File System Access
Tools that let an agent read, write, list, and search files on disk — the primitive behind coding agents and any workflow that produces or consumes documents.
Why it matters
Files are how agents persist work and operate on real artifacts. A coding agent like this one lives on read/write/edit/glob/grep over a repo; a report generator writes a PDF; a data agent reads a dropped CSV. Files also serve as cheap long-term-memory outside the context-windows — scratchpads, notes, and intermediate outputs the model can re-read instead of holding everything in tokens.
How it works
The tool exposes a small verb set, each scoped to a permitted root. The killer detail is partial reads/edits: never load a 10k-line file whole.
- Core verbs —
read(path, offset, limit),write(path, content),edit(path, old, new),list(dir),glob(pattern),grep(regex).globandgrepkeep the model from reading dozens of files to find one line. - Targeted edits — string-replace or line-range edits beat rewriting whole files: fewer output tokens, less chance of clobbering unrelated code.

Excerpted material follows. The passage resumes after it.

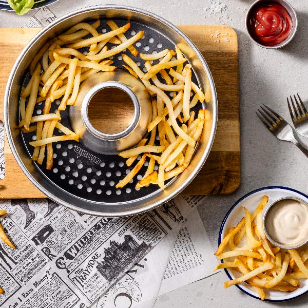 Det keramiske nonstick-belegget sørger for at maten glir lett av, mens de små hullene i tallerkenen hindrer at maten faller igjennom. Produsert av høykvalitets rustfritt stål (AISI 304) og belagt på begge sider med en 100 % PTFE-fri keramisk overflate, oppfyller denne ovnsplaten både FDA og LFGB standarder.

- Sandbox the root — confine to a project dir; resolve and reject any path escaping it (see Pitfalls). Enforce read-only vs read-write per tool.
- Stat before read — check size first; refuse or chunk files over a threshold so a binary or huge log never explodes context.
| Verb | Returns | Note |
|---|---|---|
| read | text slice | use offset/limit, not whole file |
| edit | success/diff | old-string must match uniquely |
| glob | path list | find files by name fast |
| grep | matching lines | find content without reading all |
Example
grep("def parse_", "src/") → src/io.py:42, src/io.py:88
read("src/io.py", offset=40, n=12)→ the two functions, 12 lines
edit("src/io.py",
old="sep=','", new="sep=';'")→ one-line surgical change
The agent located, inspected, and edited code touching only ~12 lines of context.
Pitfalls
- Path traversal.
../../etc/passwdor a symlink escapes the sandbox; always resolve to an absolute real path and verify it’s under the allowed root. - Non-unique edit targets. A string-replace edit that matches multiple spots edits the wrong one — require a unique anchor or fail loudly.
- Reading binaries/huge files wastes the whole context window or returns garbage; gate on size and type.
- Lost writes — concurrent edits or no read-before-write overwrite changes; read current content first, and pair with git-and-terminal-usage for recoverability.